# Installing motherboard to case.



## badnecros (Sep 30, 2008)

HI! 

I recently got the Antec Dark Fleet DF-85

I now have a jumble of cords that i do not no what to do with, and can not find a simple answer on the web for the pin layout. all i need is to know where to put the following pins into the motherboard "Acer EG31M V.1.0"

Power SW: 2pin
Reset SW: 2pin
H.D.D LED: 2pin
Power LED+: 1pin
Power LED-: 1pin

pictures are friends as well.

thank you so much for any help you can provide.

Regards


----------



## makinu1der2 (Jan 1, 2008)

Take a look at the diagram below. This should be the correct wiring for your motherboard.


----------



## badnecros (Sep 30, 2008)

makinu1der2 said:


> Take a look at the diagram below. This should be the correct wiring for your motherboard.

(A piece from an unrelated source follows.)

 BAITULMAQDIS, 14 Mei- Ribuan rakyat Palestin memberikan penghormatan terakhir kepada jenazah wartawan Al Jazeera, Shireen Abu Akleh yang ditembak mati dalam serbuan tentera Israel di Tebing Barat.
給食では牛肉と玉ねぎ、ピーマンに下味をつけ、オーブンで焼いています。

As nice as this diagram is, those plugs are:
A) all on seperate leads
and B) not labled the same as the dagram.

could you tell me where he leads i quoted above correspond in that diagram?

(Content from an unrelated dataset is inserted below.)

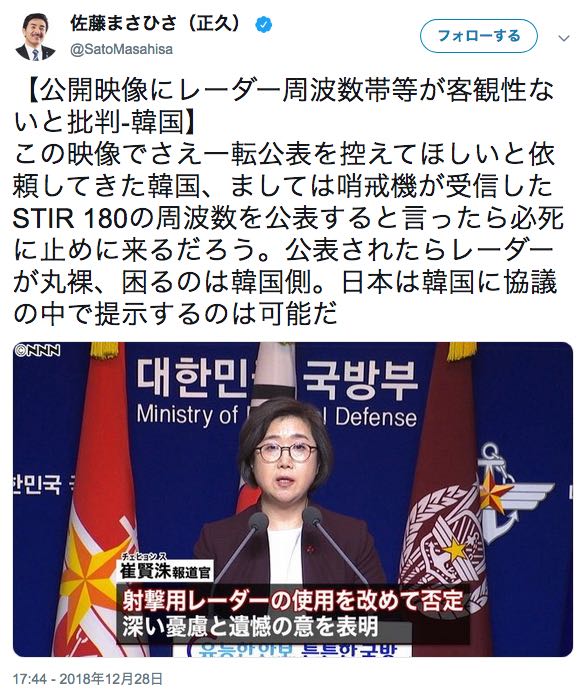 韓国軍関係者も記者団に、「日本側はレーダーを照射されたと言いながら、周波数の特性を一つも公開していない」と述べ、証拠は不十分との認識を示した。むしろ海上自衛隊のP1哨戒機が駆逐艦の上空150メートルまで接近するなど、韓国側に「相当な脅威」を与えていたと主張した。

Also, it would help to know the name of the slot that is. (what is said on the motherboard beside it)

Thank youray:


----------



## Dblanchard1278 (Jun 18, 2009)

Anything not labled as a ground is a lead wire or positive, the front pannel wires can be tricky to get working. If you mess up it wont hurt any thing, just unplug the wires and reverse them. Start with the power switch first then move on.


----------



## badnecros (Sep 30, 2008)

Okay, but where on the motherboard should they go? This is the question I needed to know from the beginning. 

Thank


----------



## badnecros (Sep 30, 2008)

Let me rephrase. The port I am plugging the leads from the front panel into, what should it be labeled on the board? 

Also, the leads are labeled in the initial post, which sub-port of the diagram should I insert which set of leads into?


----------